• [Problem details]: The required output is every line from the one containing "太陽の家まつり10/11 / イベント, お知らせ" through the last line of the listing below, copied exactly, pictures excluded.

• [Data provided]:

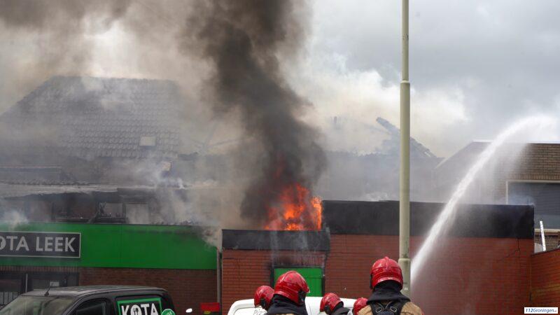 Zeer grote brand in Leek bij Kota is `brand meester`, nablussen begonnen (Video)
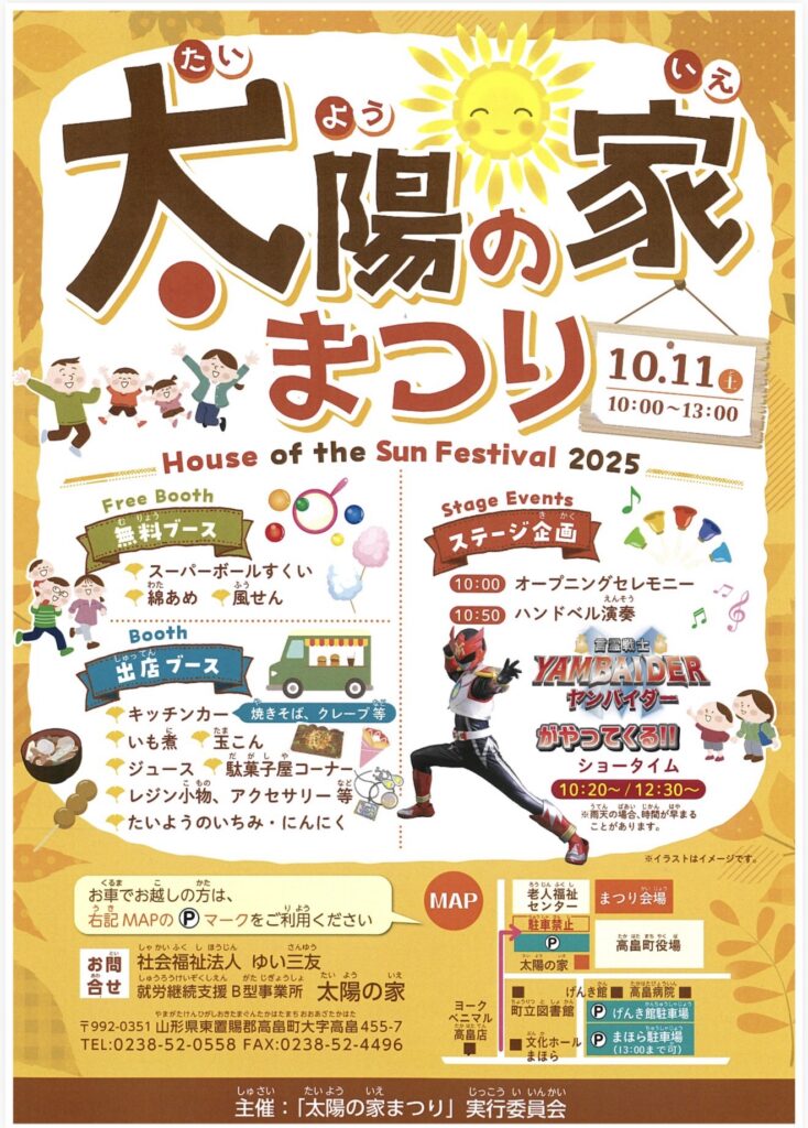 太陽の家まつり10/11 / イベント, お知らせ / By yambaiadmin 就労継続支援B型事業所 太陽の家さんにて ①10:20〜 ②12:30〜の2回ステージイベントです。お時間ある方は是非お越しください。
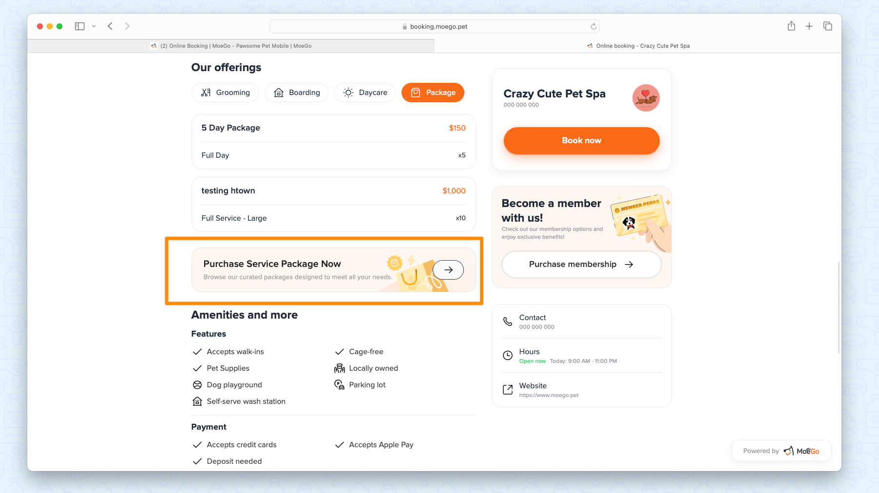 A: No. The self-service purchase option is available exclusively to MoeGo Pay users. But you can still sell packages from the business end to clients.
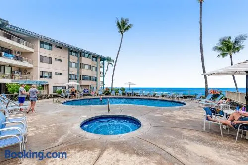 Enjoy a golf getaway in this spacious condo with an outdoor pool and tennis courts in Kailua-Kona.

• [Problem solution]:
 太陽の家まつり10/11 / イベント, お知らせ / By yambaiadmin 就労継続支援B型事業所 太陽の家さんにて ①10:20〜 ②12:30〜の2回ステージイベントです。お時間ある方は是非お越しください。
 A: No. The self-service purchase option is available exclusively to MoeGo Pay users. But you can still sell packages from the business end to clients.
 Enjoy a golf getaway in this spacious condo with an outdoor pool and tennis courts in Kailua-Kona.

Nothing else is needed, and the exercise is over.